Task description
What is needed is an exact copy of the lines from the line holding "4、在容器里,放入鹌鹑蛋和已" through the end of the material, with no other lines and no pictures.

Record set
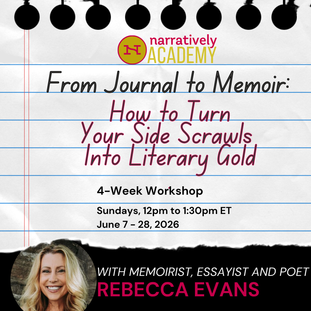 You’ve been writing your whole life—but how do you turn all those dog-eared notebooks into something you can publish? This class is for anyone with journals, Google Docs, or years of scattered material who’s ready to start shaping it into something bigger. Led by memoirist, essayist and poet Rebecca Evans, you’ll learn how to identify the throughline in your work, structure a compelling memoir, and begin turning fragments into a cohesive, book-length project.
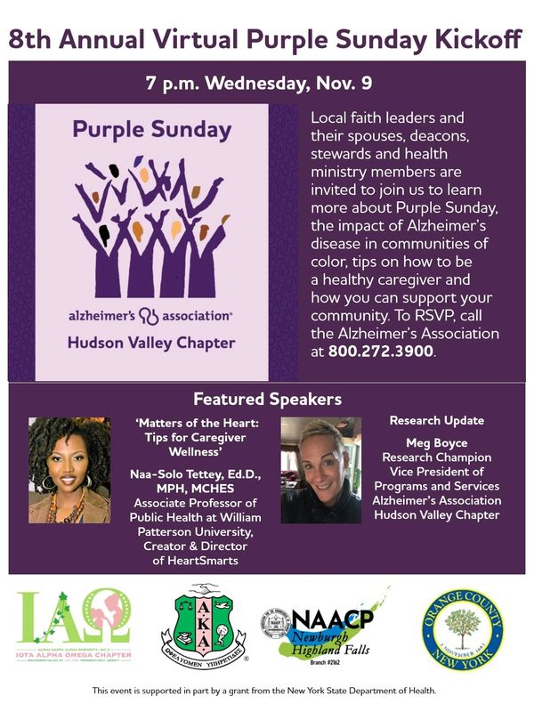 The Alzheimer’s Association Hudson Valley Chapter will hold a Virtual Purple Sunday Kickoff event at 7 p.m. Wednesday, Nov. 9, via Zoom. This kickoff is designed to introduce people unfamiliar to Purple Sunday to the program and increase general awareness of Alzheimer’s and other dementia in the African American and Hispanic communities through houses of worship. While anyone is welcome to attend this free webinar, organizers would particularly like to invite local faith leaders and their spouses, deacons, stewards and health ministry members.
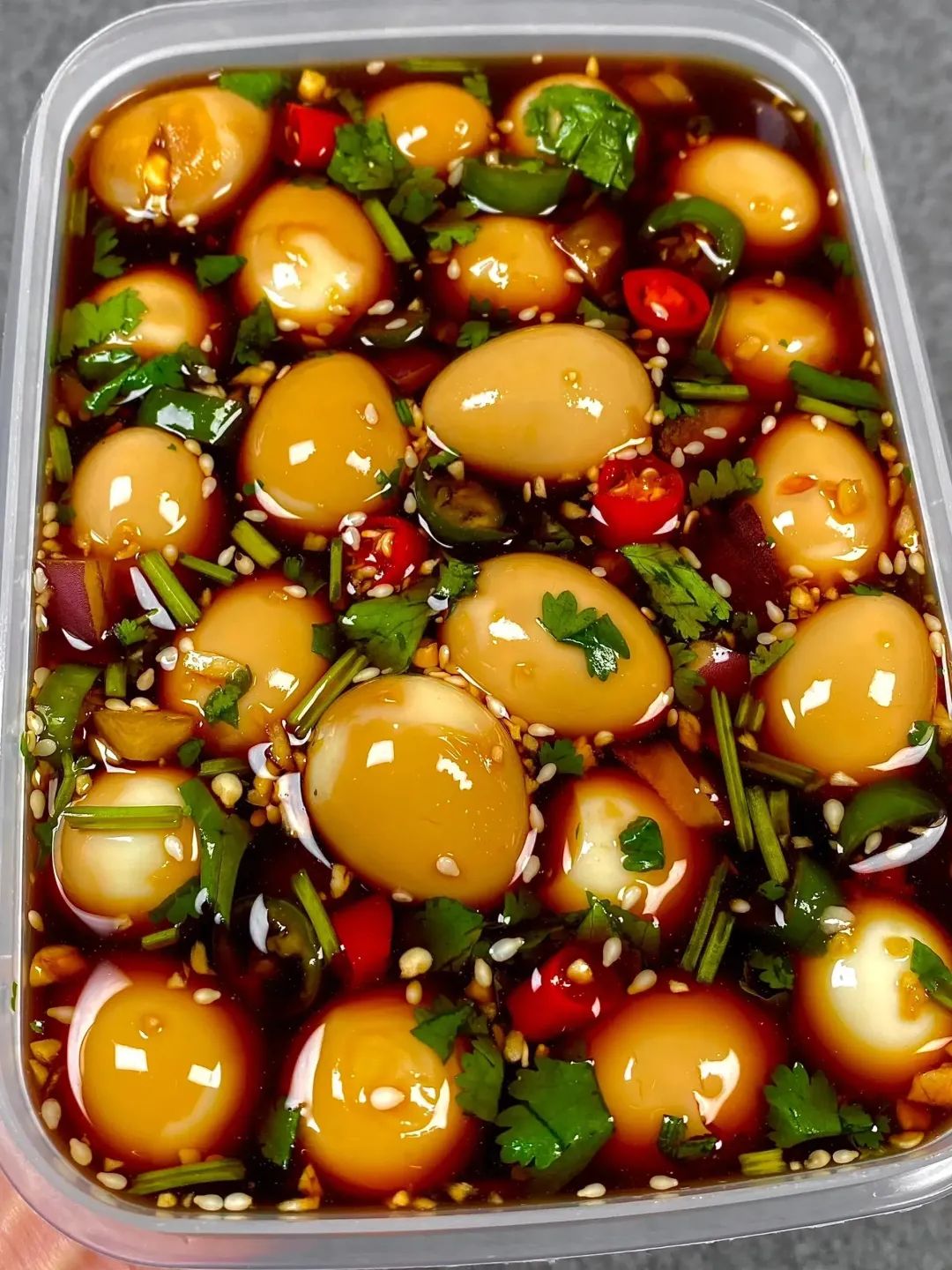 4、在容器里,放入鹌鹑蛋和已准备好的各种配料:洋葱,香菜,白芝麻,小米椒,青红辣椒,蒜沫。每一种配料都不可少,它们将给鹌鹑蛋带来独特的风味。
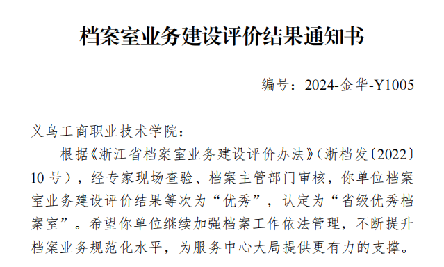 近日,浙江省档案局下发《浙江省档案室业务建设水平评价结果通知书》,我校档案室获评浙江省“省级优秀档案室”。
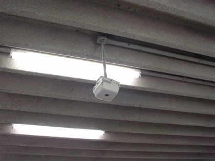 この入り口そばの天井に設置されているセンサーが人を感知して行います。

Exercise result
 4、在容器里,放入鹌鹑蛋和已准备好的各种配料:洋葱,香菜,白芝麻,小米椒,青红辣椒,蒜沫。每一种配料都不可少,它们将给鹌鹑蛋带来独特的风味。
 近日,浙江省档案局下发《浙江省档案室业务建设水平评价结果通知书》,我校档案室获评浙江省“省级优秀档案室”。
 この入り口そばの天井に設置されているセンサーが人を感知して行います。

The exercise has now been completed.